大きな瞳がこぼれ落ちてしまいそうなほど見開かれた目は、それだけルイスにとっての衝撃の大きさを物語っている。
こんなにも驚いた表情を見るのは初めてかもしれないなと、ウィリアムは新鮮な気持ちでルイスへと微笑みかけた。
「ルイス、そんなに目を見開くと瞳が落ちてしまうよ」
「に、兄さん…僕の運命の相手が、あ…アルバート兄様って、どういう…」
「ふふ。どうだろうね。正しいことは僕にも分からないからなぁ」
でもアルバート兄さんのこと、嫌いじゃないだろう?
ウィリアムがルイスにそう問い掛ければ、赤い瞳と同じくらいにその頬が真っ赤に染まって視線を逸らしてしまう。
アルバートのことは好いている。
初めてウィリアム以外に自分をルイスとして見てくれて、貴族なのに優しくしてくれて、心地よく距離を詰めてくれるアルバートのことを、ルイスはとても愛しく想っている。
でもルイスにとっての一番は他の誰でもないウィリアムだ。
ウィリアム以外に初めて好いたのがアルバートではあるけれど、それでも一番大切で愛おしいと思うのはウィリアムなのだ。
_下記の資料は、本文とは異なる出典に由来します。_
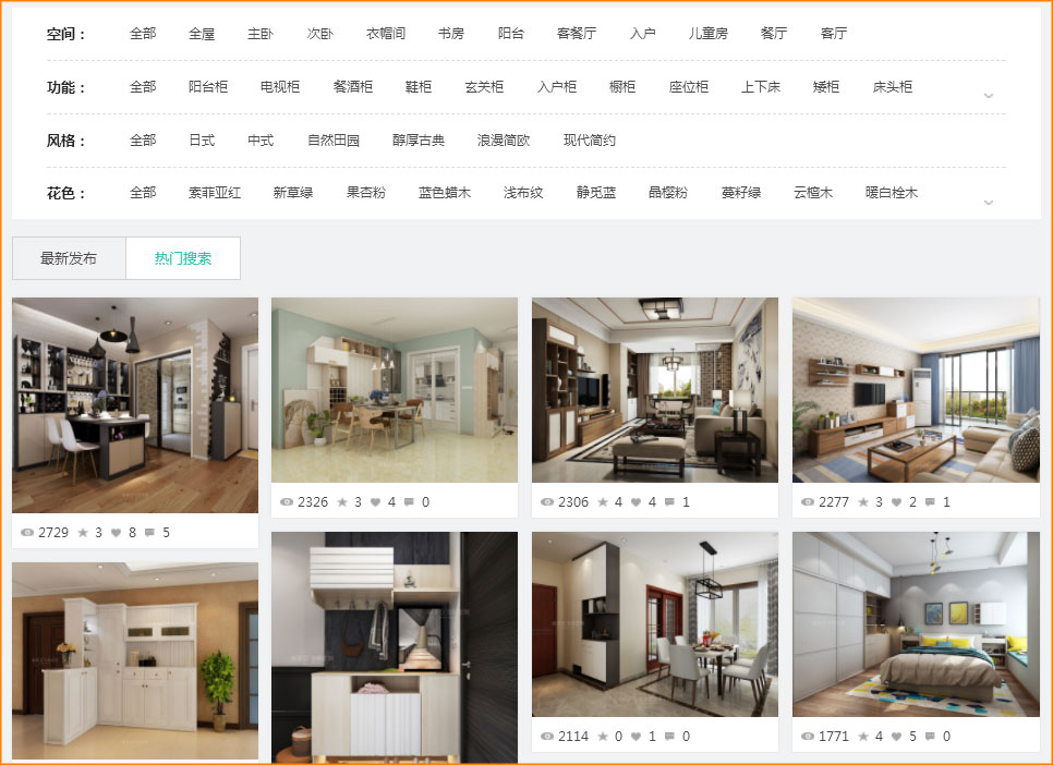 消費者圖庫一個大的看圖平臺,共有1000多套效果圖供您查看,用戶可以根據個人喜好按空間、功能、風格、花色來篩選自己要查閱的圖片,也可以登錄編寫評論、收藏方案及填寫資料發布報價獲取需求。

自分の運命の相手はウィリアムではないのだろうかとそう感じてしまった瞬間、ルイスの頬はすぐさま元通りに真っ白く色をなくしていた。
「に、兄さんは…」
「僕かい?…ルイス、僕の指にも赤い糸は結ばれているのかな?」
「いえ…今も昔も、兄さんの指には何も結ばれていません」
「そう。だとしたら、僕に運命の相手はいないんだろうね」
「え?」
「僕にはルイスがいるから、運命の相手は必要ないんだと思うよ」
「で、でも…」
あっさりとそう言葉を出す兄を見て、ルイスは尚も戸惑ったように口を動かす。
けれども上手く言葉が出てこなくて結局そのまま唇を噤んでしまった。
自分がいるから運命の相手が必要ないとはどういう意味なのだろうか。
ウィリアムでない別の人間を運命付けられている自分にも納得がいかないし、その相手がアルバートであることには嬉しさよりも困惑の方が先立ってしまう。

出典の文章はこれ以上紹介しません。